As is the case for the poor, the Kurds will always be with us.
The desire for national statehood by peoples has been a driving historical force that created much of modern Europe. President Woodrow Wilson at the Versailles Conference noted the desire for national sovereignty by ethnic/racial/linguistic groups. And thus the misguided “Balkanization” of good portions of the Middle East and Africa with artificial national boundaries as the consequence.
Nevertheless, there have been other instances where a coherent “nation”/“people” have not become a state. And the subsequent, somewhat snide comment that “every little linguistic group doesn’t need its own state.”
Within the shards of the former Soviet Union, there remain linguistic groups fighting to get out and “do their own thing” politically/socially/etc. Think Chechnya. Think Tibet under Chinese domination. Think Sri Lanka’s Tamils pre and post-civil war. Basques and Catalans in Spain. Or even think Quebecois …
Often, desire for statehood has been reinforced with repression by majorities and governments within the states where they live. Or even if not actively repressed by force of arms and political/social/economic discrimination, these “nations” desire for independence persists. (As one Quebecois put it, “I'd rather be the master in my own small home than the guest in someone else’s mansion.”)
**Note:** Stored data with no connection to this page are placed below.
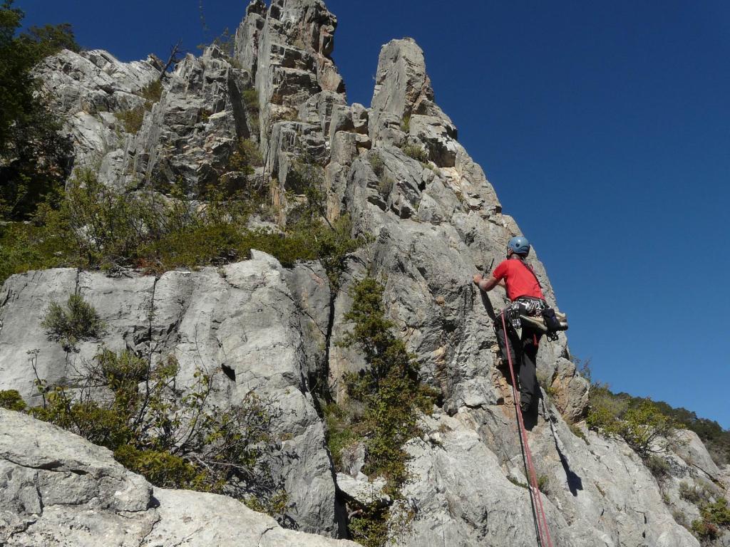 attenzione a metà del secondo tiro, volgere a dx e scendere un paio di m., passare tra un roccione e la parete, scendere ancore leggermente attraversando lungamente sino alla base di un altro sperone sulla dx.ove riprende la salita; molto bello il quinto tiro; roccia buona, un po’ di brecciolino nell’ultimo tiro;
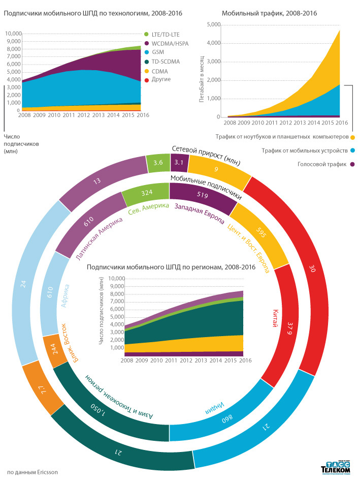 Объем трафика данных в мобильных сетях к 2016 году вырастет в 10 раз. Такой прогноз содержится в новом отчете компании Ericsson, посвященном исследованию тенденций роста трафика в мобильных сетях. Исследование базируется на результатах измерений в работающих сетях по всему миру, проводимых в течение нескольких последних лет.
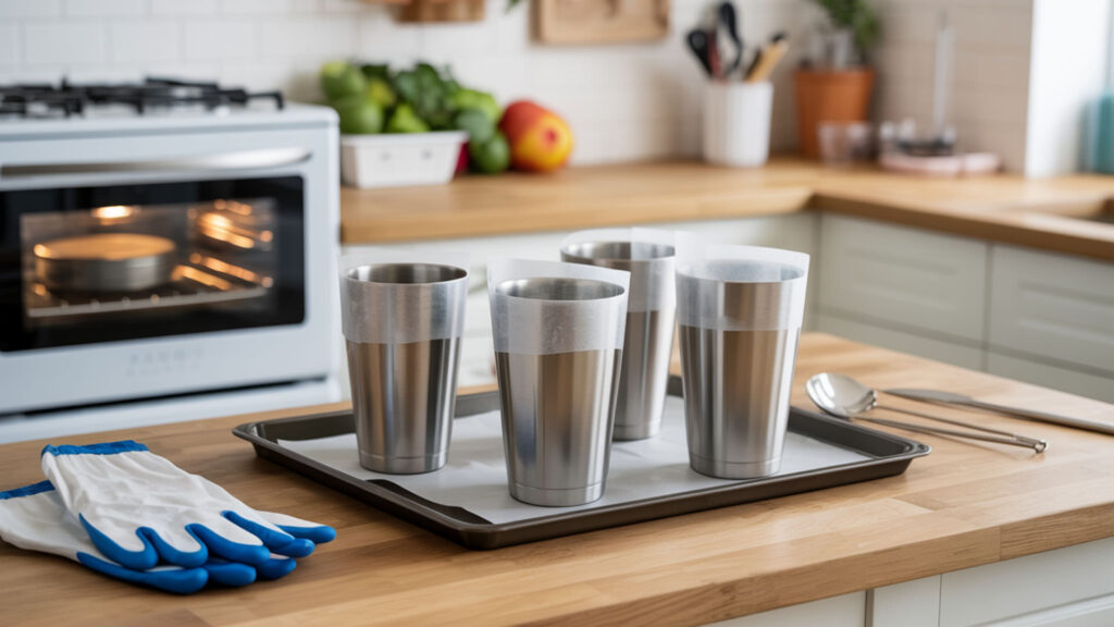 A household convection oven sublimates tumblers effectively when dedicated exclusively to crafting, using heat transfer through convection airflow to surround the cylinder with even temperature. The tumbler blank must have a polymer coating for the dye to bond. Preheat to 375°F, place the wrapped tumbler inside, and bake for 5–6 minutes while rotating halfway through.

But the struggle of the Kurds to escape from the toils of the states in which they are trapped has perhaps been best chronicled. There are major populations of Kurds in Turkey (11 million–15 million), Iran (5.9 million–7.9 million), Iraq (4.6 million–6.5 million), and Syria (1.3 million–3 millions). The total Kurdish population (including diaspora) is estimated between 30 and 32 million, which if assembled as a nation would rank between the nations rated 38th and 39th (Afghanistan and Iraq at 32 million) and 40th (Sudan at 30.8 million). The largest swathes of territory with strong Kurdish presence are eastern Turkey, Western Iran, North-Northwestern Iraq and a small section of Northeast Syria.
And nobody will suggest that the rulers of these countries historically have been sweethearts, socially/linguistically receptive to protecting minority rights and extending options for Kurdish autonomy.
Starting with historical references to Kurds as opposing the march of Xenophon’s 10,000 through Mesopotamian Mountains, Kurds have been axiomatically rebellious, fighting for independence. Combat has been most brutal in Turkey where they may be as high as 20 percent of the population, and a communist-inspired, terrorist-designated Kurdish faction, Partiya Karkerên Kurdistan (PKK), openly warred with Ankara between 1984 and 1999. Both sides evidenced no-holds-barred brutality.
A two-year truce between Ankara and the PKK ended in July—perhaps an implicit casualty of Ankara’s agreement with Washington to participate in fighting against ISIS and permit U.S. combat operations at Incirlik. Ankara is now mounting air strikes against PKK bases in northern Iraq.
A similar story can be told in Iraq where Saddam Hussein brutally suppressed any Kurdish twitches toward independence. The end of Hussein’s regime opened breathing space for Kurds in northern Iraq—and prompted renewed argument over Kurdish autonomy and sharing oil wealth in Kirkuk and additional areas with giant oil reserves.
And the Kurds are already pushing their oil into the international market. The Financial Times reported that Israel recently has been getting upward of three-quarters of its oil from Kurdish sources. Italy, France, and Greece reportedly are also big buyers with purchases routed through semi-clandestine transit points and suppliers. Such provides substantial funding for Kurdish political/social interests.
The Middle East turmoil has provided another opportunity for the Kurds to create a state of their own. Passionately nationalistic Kurdish militias (Peshmerga) meet religious ideologue ISIS troops with equal fanaticism. They have proved the only effective fighters as contrasted to the frequently bewildered Iraqi army with the coherence of wet cardboard (despite endless training and reorganization by U.S. advisers) and the Syrian “rebels” that the West keeps hoping will provide a stand up force to Assad and/or ISIS. Coalition air strikes in both Syria and Iraq are helping the Peshmerga.
More needs to be done—but with eyes wide open. The Kurds fighting in Syria have been linked to the PKK. Pershmerga in Iraq are charged with human rights violations against Arabs. But the hoary maxim of the “enemy of my enemy is my friend” prevails. We have far more to gain in the immediate battle against ISIS by arming Kurds than by remonstrating with them. Likewise, we can urge them to protect Christians and non-ISIS Islamics.
When there is an option between terrorist rapists and torturers and those with dirty fingernails, we have no choice. We'll call for a manicurist later.
David T. Jones is a retired U.S. State Department senior foreign service career officer who has published several hundred books, articles, columns, and reviews on U.S.–Canadian bilateral issues and general foreign policy. During a career that spanned over 30 years, he concentrated on politico-military issues, serving as adviser for two Army chiefs of staff. Among his books is “Alternative North Americas: What Canada and the United States Can Learn from Each Other.”